DIRECTIONS FOR THIS TASK. When the listing below reaches the line that has "橙色商务科技未来玻璃质感图形设计城市建筑", start reproducing exactly; stop after the line that has "Finalmente ejecutamos el", and drop the pictures.

DATASET EXCERPTS.
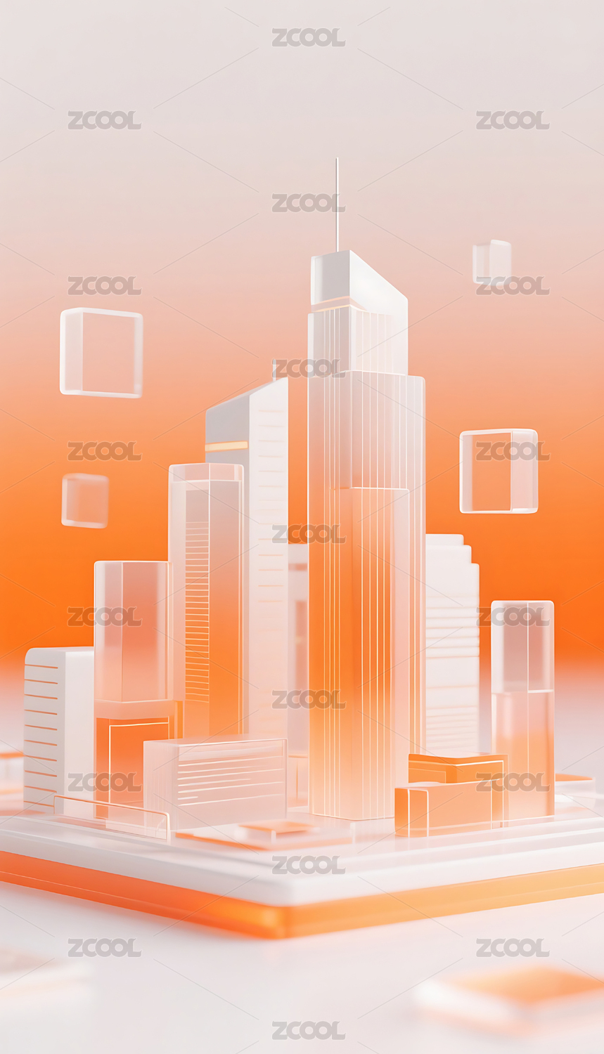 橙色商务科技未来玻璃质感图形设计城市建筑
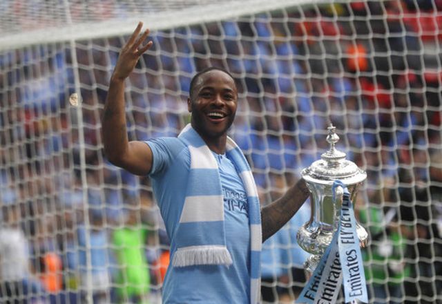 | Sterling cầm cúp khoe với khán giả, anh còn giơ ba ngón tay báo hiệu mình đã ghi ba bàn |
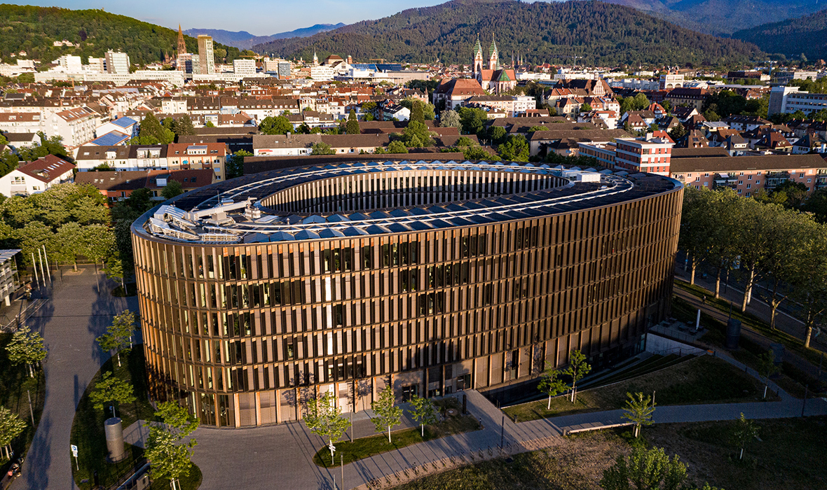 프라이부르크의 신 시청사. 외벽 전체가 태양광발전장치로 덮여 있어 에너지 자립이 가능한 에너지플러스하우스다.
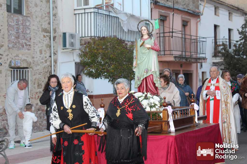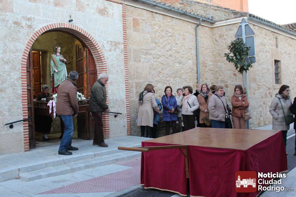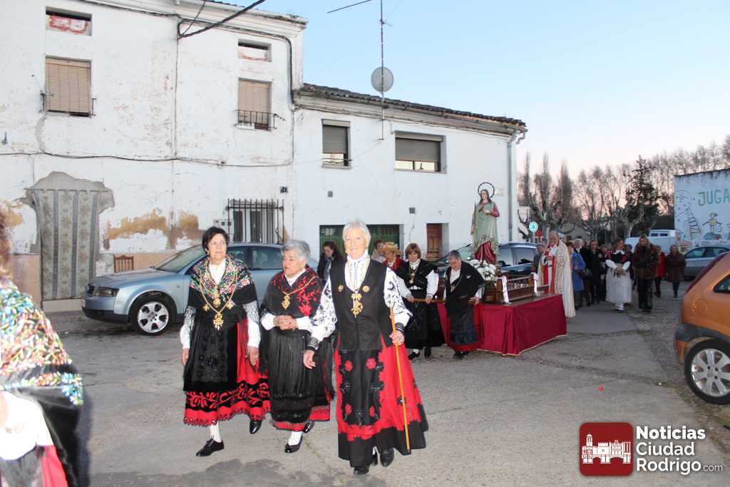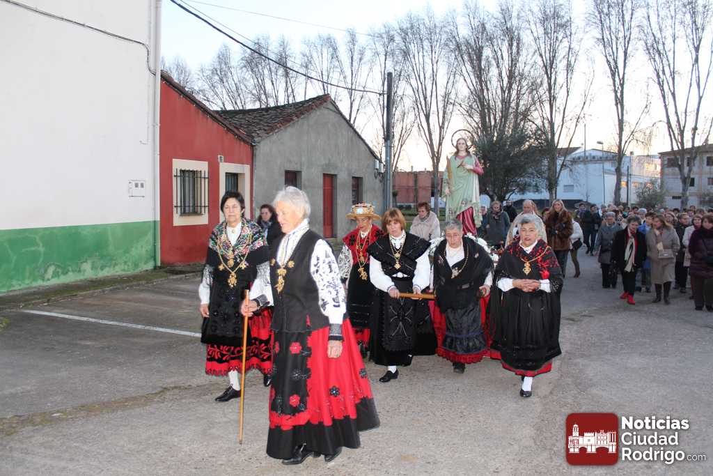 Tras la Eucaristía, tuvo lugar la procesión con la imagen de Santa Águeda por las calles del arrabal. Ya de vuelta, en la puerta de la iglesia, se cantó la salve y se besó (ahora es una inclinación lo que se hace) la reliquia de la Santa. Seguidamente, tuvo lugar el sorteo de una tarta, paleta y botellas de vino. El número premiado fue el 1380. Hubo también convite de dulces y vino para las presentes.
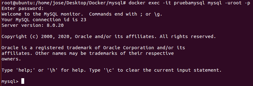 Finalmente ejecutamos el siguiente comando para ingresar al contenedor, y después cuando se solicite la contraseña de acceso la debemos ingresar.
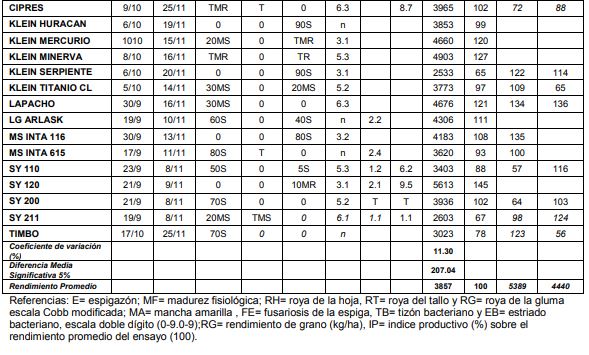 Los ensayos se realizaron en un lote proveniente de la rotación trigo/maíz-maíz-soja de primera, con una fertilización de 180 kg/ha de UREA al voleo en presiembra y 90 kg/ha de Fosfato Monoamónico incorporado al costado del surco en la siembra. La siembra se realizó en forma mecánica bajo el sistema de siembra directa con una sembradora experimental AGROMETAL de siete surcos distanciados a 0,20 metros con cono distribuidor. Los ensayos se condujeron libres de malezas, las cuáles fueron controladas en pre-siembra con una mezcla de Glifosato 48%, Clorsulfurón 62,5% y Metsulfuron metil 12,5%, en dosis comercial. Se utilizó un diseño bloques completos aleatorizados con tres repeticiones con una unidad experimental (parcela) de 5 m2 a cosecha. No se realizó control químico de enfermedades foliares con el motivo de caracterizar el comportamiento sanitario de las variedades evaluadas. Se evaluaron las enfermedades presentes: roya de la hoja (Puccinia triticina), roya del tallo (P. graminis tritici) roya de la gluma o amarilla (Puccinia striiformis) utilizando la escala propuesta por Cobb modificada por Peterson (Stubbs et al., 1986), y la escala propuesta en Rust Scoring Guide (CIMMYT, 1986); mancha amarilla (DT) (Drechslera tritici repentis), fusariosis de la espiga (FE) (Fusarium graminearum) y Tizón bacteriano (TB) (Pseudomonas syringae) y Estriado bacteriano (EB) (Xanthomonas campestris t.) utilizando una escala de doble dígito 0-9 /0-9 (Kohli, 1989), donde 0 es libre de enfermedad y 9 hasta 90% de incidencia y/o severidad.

==

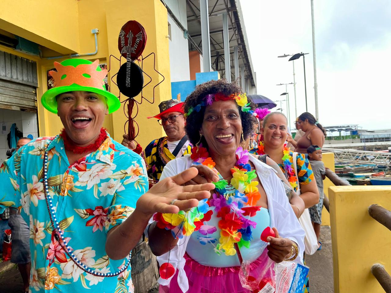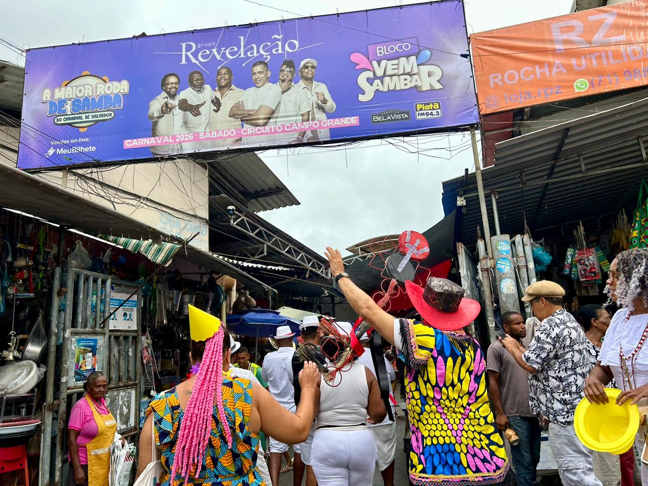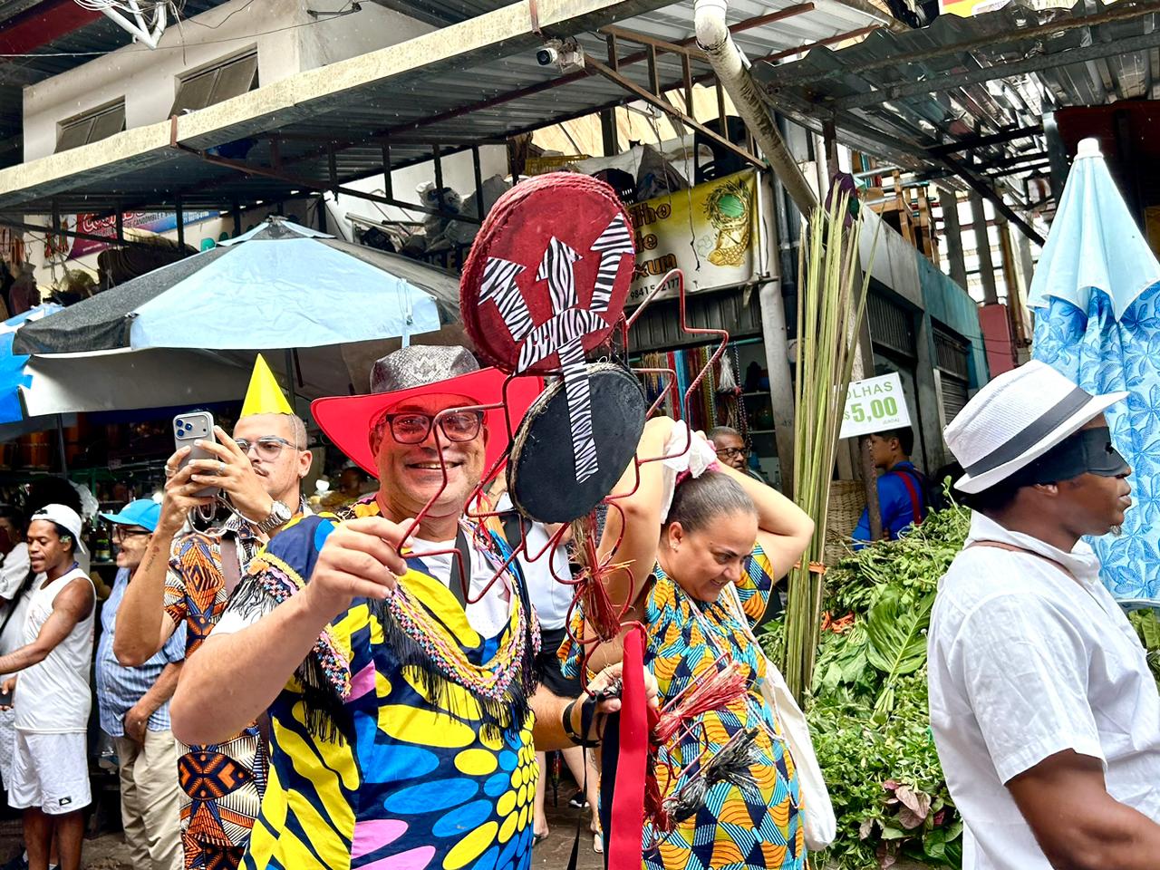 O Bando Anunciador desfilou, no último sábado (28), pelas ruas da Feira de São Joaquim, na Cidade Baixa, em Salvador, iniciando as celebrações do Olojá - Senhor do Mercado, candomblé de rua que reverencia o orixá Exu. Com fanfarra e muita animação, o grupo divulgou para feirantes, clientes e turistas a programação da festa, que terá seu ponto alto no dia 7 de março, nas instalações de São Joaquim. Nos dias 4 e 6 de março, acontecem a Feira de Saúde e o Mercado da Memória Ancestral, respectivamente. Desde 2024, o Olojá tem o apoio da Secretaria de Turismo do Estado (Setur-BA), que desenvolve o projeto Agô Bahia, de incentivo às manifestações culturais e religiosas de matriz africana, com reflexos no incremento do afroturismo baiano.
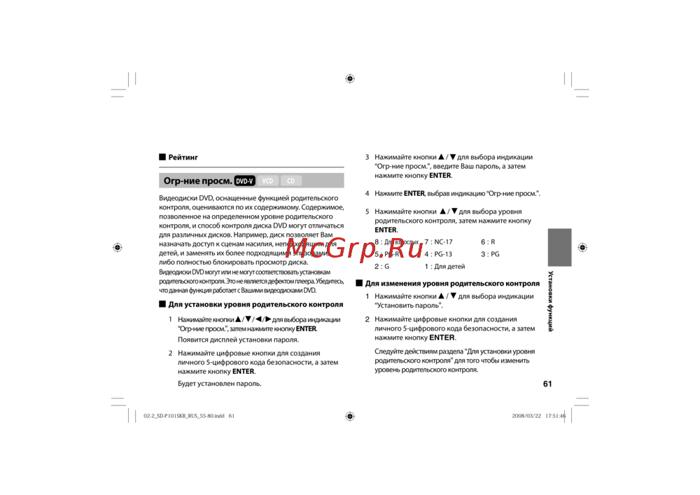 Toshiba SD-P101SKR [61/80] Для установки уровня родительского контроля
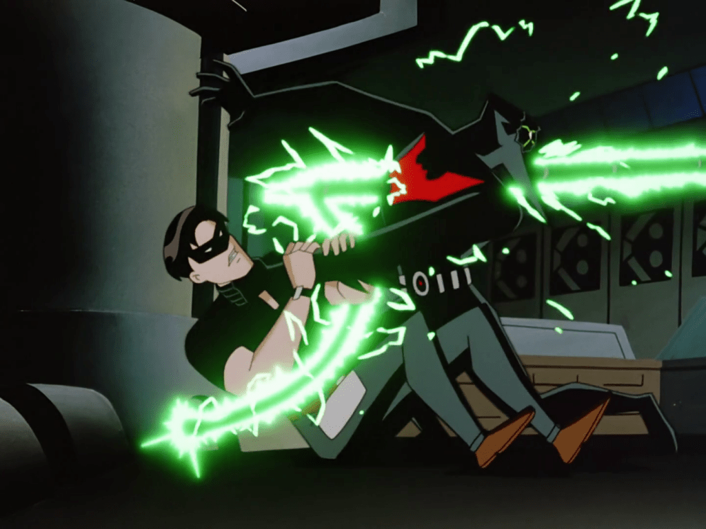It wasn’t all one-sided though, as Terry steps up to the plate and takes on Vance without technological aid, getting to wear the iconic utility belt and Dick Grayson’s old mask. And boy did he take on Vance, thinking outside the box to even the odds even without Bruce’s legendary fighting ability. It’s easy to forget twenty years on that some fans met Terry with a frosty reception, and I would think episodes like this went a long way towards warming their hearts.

SOLUTION FOR THIS EXERCISE.
 橙色商务科技未来玻璃质感图形设计城市建筑
 | Sterling cầm cúp khoe với khán giả, anh còn giơ ba ngón tay báo hiệu mình đã ghi ba bàn |
 프라이부르크의 신 시청사. 외벽 전체가 태양광발전장치로 덮여 있어 에너지 자립이 가능한 에너지플러스하우스다.
 Tras la Eucaristía, tuvo lugar la procesión con la imagen de Santa Águeda por las calles del arrabal. Ya de vuelta, en la puerta de la iglesia, se cantó la salve y se besó (ahora es una inclinación lo que se hace) la reliquia de la Santa. Seguidamente, tuvo lugar el sorteo de una tarta, paleta y botellas de vino. El número premiado fue el 1380. Hubo también convite de dulces y vino para las presentes.
 Finalmente ejecutamos el siguiente comando para ingresar al contenedor, y después cuando se solicite la contraseña de acceso la debemos ingresar.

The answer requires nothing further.